Activity:
An exact copy of every entry is what's needed, so please transcribe them all.

╭─ Task input

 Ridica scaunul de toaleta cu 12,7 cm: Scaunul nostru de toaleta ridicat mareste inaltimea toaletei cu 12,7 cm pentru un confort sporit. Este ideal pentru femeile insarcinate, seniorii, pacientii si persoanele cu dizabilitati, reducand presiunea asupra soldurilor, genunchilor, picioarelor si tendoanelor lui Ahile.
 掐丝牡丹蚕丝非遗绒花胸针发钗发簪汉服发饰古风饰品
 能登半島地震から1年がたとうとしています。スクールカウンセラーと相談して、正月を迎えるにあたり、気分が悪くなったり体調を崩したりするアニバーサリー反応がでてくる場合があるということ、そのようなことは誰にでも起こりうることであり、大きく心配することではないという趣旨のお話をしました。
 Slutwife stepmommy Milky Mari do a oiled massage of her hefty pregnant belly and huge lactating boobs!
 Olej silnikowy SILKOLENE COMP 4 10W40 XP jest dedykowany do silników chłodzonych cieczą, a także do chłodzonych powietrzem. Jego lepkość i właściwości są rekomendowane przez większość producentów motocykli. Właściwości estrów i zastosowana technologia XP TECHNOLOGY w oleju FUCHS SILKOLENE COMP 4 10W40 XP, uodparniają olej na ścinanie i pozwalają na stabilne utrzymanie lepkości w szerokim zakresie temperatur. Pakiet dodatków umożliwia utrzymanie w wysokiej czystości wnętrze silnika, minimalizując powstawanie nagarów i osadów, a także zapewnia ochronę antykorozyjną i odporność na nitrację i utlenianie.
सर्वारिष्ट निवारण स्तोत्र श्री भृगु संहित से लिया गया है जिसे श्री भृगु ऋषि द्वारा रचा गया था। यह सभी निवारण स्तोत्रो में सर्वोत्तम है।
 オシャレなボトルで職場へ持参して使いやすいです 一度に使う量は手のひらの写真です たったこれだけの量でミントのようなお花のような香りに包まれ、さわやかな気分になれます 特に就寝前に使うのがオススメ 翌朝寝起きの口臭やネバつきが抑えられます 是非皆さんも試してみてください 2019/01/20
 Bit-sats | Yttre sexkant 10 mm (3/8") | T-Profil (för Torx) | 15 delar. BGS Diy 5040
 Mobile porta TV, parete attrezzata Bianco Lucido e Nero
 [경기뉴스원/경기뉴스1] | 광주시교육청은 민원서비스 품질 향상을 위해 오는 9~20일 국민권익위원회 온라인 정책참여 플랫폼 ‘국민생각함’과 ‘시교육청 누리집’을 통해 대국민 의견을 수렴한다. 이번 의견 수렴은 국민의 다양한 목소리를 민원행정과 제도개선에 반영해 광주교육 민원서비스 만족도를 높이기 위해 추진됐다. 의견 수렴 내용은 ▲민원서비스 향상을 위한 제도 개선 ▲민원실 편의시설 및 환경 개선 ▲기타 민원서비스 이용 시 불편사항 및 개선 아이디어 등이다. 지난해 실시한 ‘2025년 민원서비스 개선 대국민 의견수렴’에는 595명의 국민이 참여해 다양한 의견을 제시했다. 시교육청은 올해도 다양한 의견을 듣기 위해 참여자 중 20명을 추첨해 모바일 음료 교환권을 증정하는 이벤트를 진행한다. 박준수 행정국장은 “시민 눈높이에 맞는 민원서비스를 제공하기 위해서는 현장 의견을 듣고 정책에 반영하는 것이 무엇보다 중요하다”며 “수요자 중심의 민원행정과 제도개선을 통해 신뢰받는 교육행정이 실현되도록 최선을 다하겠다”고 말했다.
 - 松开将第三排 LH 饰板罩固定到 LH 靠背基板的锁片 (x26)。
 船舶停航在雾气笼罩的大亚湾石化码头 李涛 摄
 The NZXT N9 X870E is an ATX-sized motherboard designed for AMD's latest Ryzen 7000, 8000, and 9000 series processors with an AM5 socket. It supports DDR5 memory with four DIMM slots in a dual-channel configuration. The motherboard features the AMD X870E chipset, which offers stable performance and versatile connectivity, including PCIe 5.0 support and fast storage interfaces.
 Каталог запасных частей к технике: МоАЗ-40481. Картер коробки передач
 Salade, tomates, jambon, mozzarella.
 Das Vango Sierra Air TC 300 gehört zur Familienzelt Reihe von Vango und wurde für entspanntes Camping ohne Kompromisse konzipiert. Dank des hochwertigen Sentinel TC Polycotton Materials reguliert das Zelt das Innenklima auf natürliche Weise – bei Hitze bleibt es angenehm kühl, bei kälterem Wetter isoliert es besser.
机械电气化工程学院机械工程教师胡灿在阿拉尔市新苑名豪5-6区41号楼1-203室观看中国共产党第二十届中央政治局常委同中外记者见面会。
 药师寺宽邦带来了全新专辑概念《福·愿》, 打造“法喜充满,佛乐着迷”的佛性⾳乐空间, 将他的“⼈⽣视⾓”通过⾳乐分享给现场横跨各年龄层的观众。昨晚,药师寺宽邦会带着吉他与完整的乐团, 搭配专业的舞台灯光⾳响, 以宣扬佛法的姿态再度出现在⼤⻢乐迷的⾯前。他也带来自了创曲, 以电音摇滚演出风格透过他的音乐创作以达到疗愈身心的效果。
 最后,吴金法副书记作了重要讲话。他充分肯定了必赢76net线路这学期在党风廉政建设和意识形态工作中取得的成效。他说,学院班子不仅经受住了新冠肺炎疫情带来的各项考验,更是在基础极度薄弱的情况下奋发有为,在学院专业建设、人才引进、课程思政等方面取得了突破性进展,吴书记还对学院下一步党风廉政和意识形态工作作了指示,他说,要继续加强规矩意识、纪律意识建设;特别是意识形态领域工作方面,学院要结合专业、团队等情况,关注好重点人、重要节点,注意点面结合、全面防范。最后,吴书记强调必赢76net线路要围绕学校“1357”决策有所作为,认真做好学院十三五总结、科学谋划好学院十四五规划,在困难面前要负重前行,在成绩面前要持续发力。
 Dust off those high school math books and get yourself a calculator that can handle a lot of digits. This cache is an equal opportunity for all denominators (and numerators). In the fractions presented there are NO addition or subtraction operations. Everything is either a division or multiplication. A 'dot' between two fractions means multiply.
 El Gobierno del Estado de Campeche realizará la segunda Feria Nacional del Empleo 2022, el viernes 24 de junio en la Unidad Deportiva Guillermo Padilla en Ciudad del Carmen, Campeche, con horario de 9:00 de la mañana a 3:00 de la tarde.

╰─

Exercise answer:
 Ridica scaunul de toaleta cu 12,7 cm: Scaunul nostru de toaleta ridicat mareste inaltimea toaletei cu 12,7 cm pentru un confort sporit. Este ideal pentru femeile insarcinate, seniorii, pacientii si persoanele cu dizabilitati, reducand presiunea asupra soldurilor, genunchilor, picioarelor si tendoanelor lui Ahile.
 掐丝牡丹蚕丝非遗绒花胸针发钗发簪汉服发饰古风饰品
 能登半島地震から1年がたとうとしています。スクールカウンセラーと相談して、正月を迎えるにあたり、気分が悪くなったり体調を崩したりするアニバーサリー反応がでてくる場合があるということ、そのようなことは誰にでも起こりうることであり、大きく心配することではないという趣旨のお話をしました。
 Slutwife stepmommy Milky Mari do a oiled massage of her hefty pregnant belly and huge lactating boobs!
 Olej silnikowy SILKOLENE COMP 4 10W40 XP jest dedykowany do silników chłodzonych cieczą, a także do chłodzonych powietrzem. Jego lepkość i właściwości są rekomendowane przez większość producentów motocykli. Właściwości estrów i zastosowana technologia XP TECHNOLOGY w oleju FUCHS SILKOLENE COMP 4 10W40 XP, uodparniają olej na ścinanie i pozwalają na stabilne utrzymanie lepkości w szerokim zakresie temperatur. Pakiet dodatków umożliwia utrzymanie w wysokiej czystości wnętrze silnika, minimalizując powstawanie nagarów i osadów, a także zapewnia ochronę antykorozyjną i odporność na nitrację i utlenianie.
सर्वारिष्ट निवारण स्तोत्र श्री भृगु संहित से लिया गया है जिसे श्री भृगु ऋषि द्वारा रचा गया था। यह सभी निवारण स्तोत्रो में सर्वोत्तम है।
 オシャレなボトルで職場へ持参して使いやすいです 一度に使う量は手のひらの写真です たったこれだけの量でミントのようなお花のような香りに包まれ、さわやかな気分になれます 特に就寝前に使うのがオススメ 翌朝寝起きの口臭やネバつきが抑えられます 是非皆さんも試してみてください 2019/01/20
 Bit-sats | Yttre sexkant 10 mm (3/8") | T-Profil (för Torx) | 15 delar. BGS Diy 5040
 Mobile porta TV, parete attrezzata Bianco Lucido e Nero
 [경기뉴스원/경기뉴스1] | 광주시교육청은 민원서비스 품질 향상을 위해 오는 9~20일 국민권익위원회 온라인 정책참여 플랫폼 ‘국민생각함’과 ‘시교육청 누리집’을 통해 대국민 의견을 수렴한다. 이번 의견 수렴은 국민의 다양한 목소리를 민원행정과 제도개선에 반영해 광주교육 민원서비스 만족도를 높이기 위해 추진됐다. 의견 수렴 내용은 ▲민원서비스 향상을 위한 제도 개선 ▲민원실 편의시설 및 환경 개선 ▲기타 민원서비스 이용 시 불편사항 및 개선 아이디어 등이다. 지난해 실시한 ‘2025년 민원서비스 개선 대국민 의견수렴’에는 595명의 국민이 참여해 다양한 의견을 제시했다. 시교육청은 올해도 다양한 의견을 듣기 위해 참여자 중 20명을 추첨해 모바일 음료 교환권을 증정하는 이벤트를 진행한다. 박준수 행정국장은 “시민 눈높이에 맞는 민원서비스를 제공하기 위해서는 현장 의견을 듣고 정책에 반영하는 것이 무엇보다 중요하다”며 “수요자 중심의 민원행정과 제도개선을 통해 신뢰받는 교육행정이 실현되도록 최선을 다하겠다”고 말했다.
 - 松开将第三排 LH 饰板罩固定到 LH 靠背基板的锁片 (x26)。
 船舶停航在雾气笼罩的大亚湾石化码头 李涛 摄
 The NZXT N9 X870E is an ATX-sized motherboard designed for AMD's latest Ryzen 7000, 8000, and 9000 series processors with an AM5 socket. It supports DDR5 memory with four DIMM slots in a dual-channel configuration. The motherboard features the AMD X870E chipset, which offers stable performance and versatile connectivity, including PCIe 5.0 support and fast storage interfaces.
 Каталог запасных частей к технике: МоАЗ-40481. Картер коробки передач
 Salade, tomates, jambon, mozzarella.
 Das Vango Sierra Air TC 300 gehört zur Familienzelt Reihe von Vango und wurde für entspanntes Camping ohne Kompromisse konzipiert. Dank des hochwertigen Sentinel TC Polycotton Materials reguliert das Zelt das Innenklima auf natürliche Weise – bei Hitze bleibt es angenehm kühl, bei kälterem Wetter isoliert es besser.
机械电气化工程学院机械工程教师胡灿在阿拉尔市新苑名豪5-6区41号楼1-203室观看中国共产党第二十届中央政治局常委同中外记者见面会。
 药师寺宽邦带来了全新专辑概念《福·愿》, 打造“法喜充满,佛乐着迷”的佛性⾳乐空间, 将他的“⼈⽣视⾓”通过⾳乐分享给现场横跨各年龄层的观众。昨晚,药师寺宽邦会带着吉他与完整的乐团, 搭配专业的舞台灯光⾳响, 以宣扬佛法的姿态再度出现在⼤⻢乐迷的⾯前。他也带来自了创曲, 以电音摇滚演出风格透过他的音乐创作以达到疗愈身心的效果。
 最后,吴金法副书记作了重要讲话。他充分肯定了必赢76net线路这学期在党风廉政建设和意识形态工作中取得的成效。他说,学院班子不仅经受住了新冠肺炎疫情带来的各项考验,更是在基础极度薄弱的情况下奋发有为,在学院专业建设、人才引进、课程思政等方面取得了突破性进展,吴书记还对学院下一步党风廉政和意识形态工作作了指示,他说,要继续加强规矩意识、纪律意识建设;特别是意识形态领域工作方面,学院要结合专业、团队等情况,关注好重点人、重要节点,注意点面结合、全面防范。最后,吴书记强调必赢76net线路要围绕学校“1357”决策有所作为,认真做好学院十三五总结、科学谋划好学院十四五规划,在困难面前要负重前行,在成绩面前要持续发力。
 Dust off those high school math books and get yourself a calculator that can handle a lot of digits. This cache is an equal opportunity for all denominators (and numerators). In the fractions presented there are NO addition or subtraction operations. Everything is either a division or multiplication. A 'dot' between two fractions means multiply.
 El Gobierno del Estado de Campeche realizará la segunda Feria Nacional del Empleo 2022, el viernes 24 de junio en la Unidad Deportiva Guillermo Padilla en Ciudad del Carmen, Campeche, con horario de 9:00 de la mañana a 3:00 de la tarde.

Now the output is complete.